Dieses Thema im Programm: MDR SACHSEN-ANHALT – Das Radio wie wir | 24. April 2022 | 19:00 Uhr

3 Kommentare

Lustiger Fips vor 31 Wochen

Der mittlerweile sensibilisierte Wähler merkt, dass die handelnden Protagonisten nichts taugen und tauscht sie aus. Das ist das Merkmal einer gesunden, lebendigen und wehrhaften Demokratie.

Uborner vor 31 Wochen

Auch eine lokale Wahl richtet den Blick immer auch auf den Bund. Und da sieht die CDU wirklich nicht gut aus. Erst 16 Jahre nichts dann Laschets Klammern und jetzt schon wieder Wahlkampf mit nur einem Ziel - die Macht zurückerobern, den Scholz diskreditieren und gegen alles sein ohne selbst nachvollziehbare Ideen zu formulieren. So einen Haufen brauchen wir eigentlich gar nicht mehr, am besten mal ein paar Jahre raus aus Berlin und zu Hause aufräumen, dann aber richtig.
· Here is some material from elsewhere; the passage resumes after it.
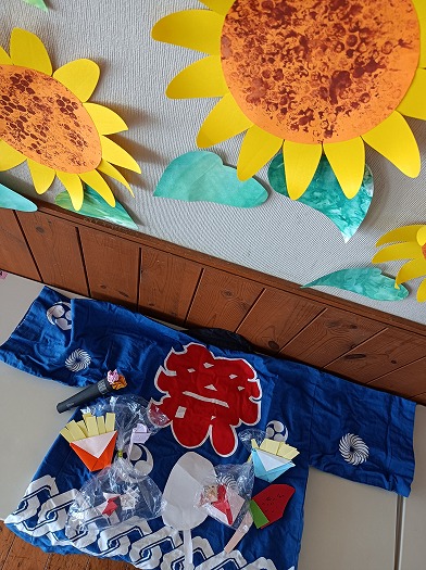 つき組(ポテト)ほし組(わたあめ・アイス)そら組(金魚すくい)の出店があり、エプロンと三角巾でバッチリ決めたこども店員さんが接客していました。

W.Merseburger vor 31 Wochen

Das ist doch eigentlich ein Wesen unserer Demokratie, wenn eine Partei zu viel bequemen Speck angesetzt hat oder doch sehr verfilzt ist, dass es einen Wechsel der politischen Konstellation gibt. Ein geflügeltes Wort bzw. ein Satz lautet: Es ist kein Schaden so groß, dass nicht auch noch ein Nutzen (auch für die CDU) entsteht.